Objective: Long-term right ventricular pacing has been associated with an increased risk of heart failure and cardiomyopathy. The pathophysiology of cardiomyopathy associated with right ventricular pacing remains unclear. We aim to evaluate the burden and short-term outcomes of ventricular dyssynchrony after immediate permanent pacemaker implantation.

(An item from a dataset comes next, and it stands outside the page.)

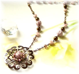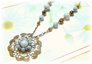 「Beads Mania」さんより購入のすかしパーツを使ったネックレスです。2つ買ったので、レシピ通りのものも作りましたが、こちらは手持ちのビーズを合わせて。着けた時のイメージはこちら↓パーツのこの形を見せたいので、(思いつかないのもあるけれど)トップのモチーフは同じです(^^;

Materials and Methods: This prospective cohort study examined consecutive patients who had permanent pacemaker implantation at Vajira Hospital in 2019. Left ventricular systolic function, specifically left ventricular ejection fraction (LVEF) and echocardiographic ventricular dyssynchrony parameters were assessed. The endpoints included the prevalence of ventricular dyssynchrony, new-onset cardiomyopathy, heart failure, and death. The correlation between QRS complex duration, the burden of ventricular pacing, and echocardiographic ventricular dyssynchrony was measured. Results: Thirty-six consecutive patients underwent pacemaker implantation. The prevalence of mechanical ventricular dyssynchrony was 22.2% using the interventricular conduction delay method, 41.7% using LV pre-ejection period method, and 11.1% using the septal posterior wall motion abnormality method. Electrical ventricular dyssynchrony was 86.1% and new-onset cardiomyopathy was 17.1% after 3 months of permanent pacemaker implantation. The right ventricular pacing of more than 20% was significantly associated with cardiomyopathy (p < 0.022) and heart failure (log-rank, p = 0.049) within 3 months. But heart failure was not associated with mechanical ventricular dyssynchrony parameters (log-rank, p = 0.610; hazard ratio [HR], 1.53; 95% confidence interval [CI], 0.29 - 7.96; p = 0.613 for IVMD and log-rank, p = 0.398; HR, 0.04; 95% CI, 0.01 - 3316.7 for SPWMD). Conclusion: Mechanical and electrical ventricular dyssynchrony are common findings in right ventricular pacing. High-burden right ventricular pacing after 3 months of permanent pacemaker implantation is often associated with cardiomyopathy and heart failure, but mechanical and electrical ventricular dyssynchrony does not predict a short-term decline in left ventricular systolic function and heart failure.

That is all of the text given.